RNI mechanics keep trucks running in Utah's remote Uinta Basin
Feb 1, 2009 12:00 PM, By Charles E Wilson
Rugged and remote, the Uinta Basin in northeastern Utah offers some of the most demanding operating conditions faced by any tank truck fleet. However, the region also contains vast natural gas reserves, and the fleets are there helping the production companies that are tapping those reserves.
It takes an outstanding maintenance program to keep trucks, tractors, and tank trailers operational in the harsh mountainous terrain where the natural gas fields are located. RN Industries (RNI), a 10-year-old vacuum truck fleet based in Roosevelt, Utah, has built just such a program.
“Good maintenance is critical because our customers count on us to provide consistent, on-time service no matter how demanding the conditions may be,” says Roger Chapman, RNI president. “Much of our work is off road in a tough area that is very hard on our trucks. The driving conditions beat up truck frames and suspensions.

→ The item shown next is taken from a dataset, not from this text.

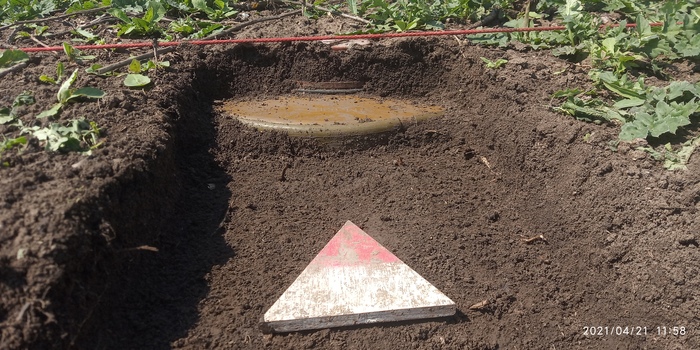 4.Тест металодетектера на тест поинте(Учебная ТМ62п закопанная от верха взрывателя до поверхности грунта на 15 см это максимальная допустимая глубина ископаемой угрозы,любой сигнал в грунте потенциальная угроза!Похуй что там гвоздь,дилдак,эректильное кольцо,пуля от манлинхера,рубь петровский,чешуйка,осколок,итд.)
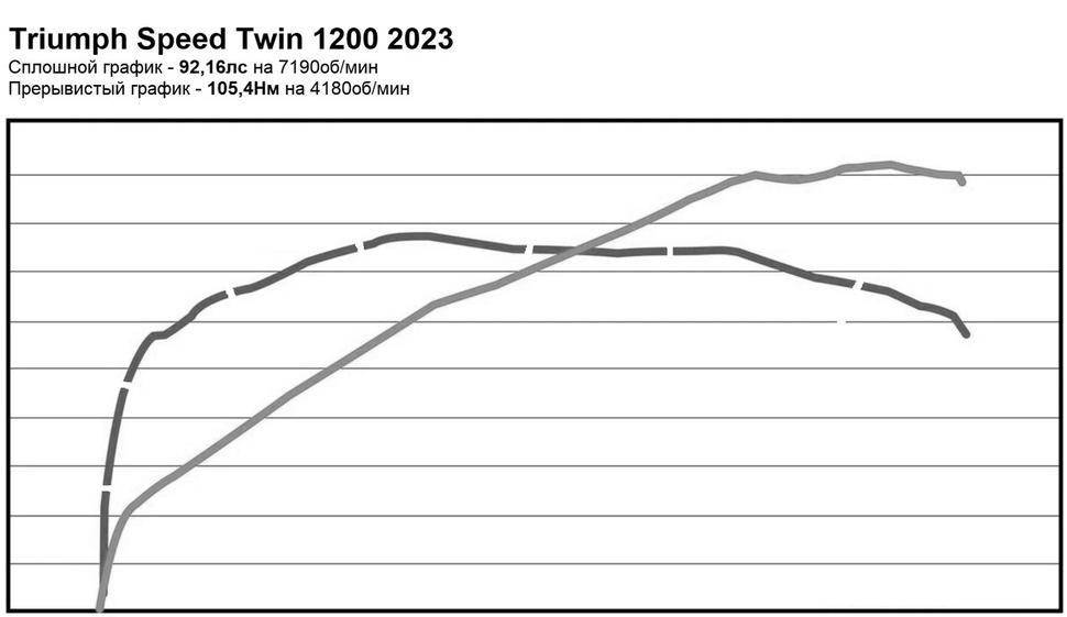 На диностенде Triumph Speed Twin 1200 2023 выдал 92,16лс на 7190об/мин и впечатляющие 105,4Нм на 4180об/мин. Таким образом, инженерам компании удалось получить даже некоторый прирост пиковой мощности: прошлая версия выдавала 91,4лс в тех же условиях. Однако, облегчение коленвала сказалось на максимуме тяги: прошлый вариант Speed Twin показывал пиковые 107,1Нм.

The few dirt roads in the area are topped with shale that eats up tires. Winter driving conditions can be especially brutal with snow, ice, and temperatures below zero.
“To deal with that operating environment, we built our maintenance program around an aggressive preventive maintenance effort. We have an outstanding maintenance team at shops that are strategically placed around our operating area. We run durable vehicles that are custom-specified to handle the conditions in this area.”
Gradual evolution
Both the maintenance program and the vehicle specifications now in place evolved gradually over RNI's decade in business. The company started with four vacuum trucks in 1999 transporting fresh water to rigs drilling natural gas wells and hauling away briny, oily water for disposal.
“The gas fields were just beginning to boom, and it was a busy time for us,” says Dale Price, who has been with RNI since it started and is now general manager. “We added three more tank trucks a year later, and we have been growing steadily ever since. This company really started growing at a fast rate around 2002.”
The boom times continued well into 2008, but operations in the gas fields have slowed along with the rest of the US economy. “We're not as busy as we were last year, but we've still got work,” Chapman says. “We saw last summer that the pace of growth was likely to slow down. Oil and gas boom times come and go. We're in this business for the longhaul, though. Energy resources fuel growth of the US economy, and we believe the future still looks very promising.”
Today, RNI runs about 100 vacuum trucks and 100 tractor-trailer vacuum transports. The company also owns several hundred frac tanks that pump mud and other solutions used in the drilling process. RNI leases the frac tanks to the drilling companies.
Wide range
The fleet operates across a wide area, serving customers throughout much of eastern Utah, north into Wyoming, and east as far as the western range of the Rocky Mountains in Colorado. Water accounts for most of the loads, but the fleet also hauls some drilling mud.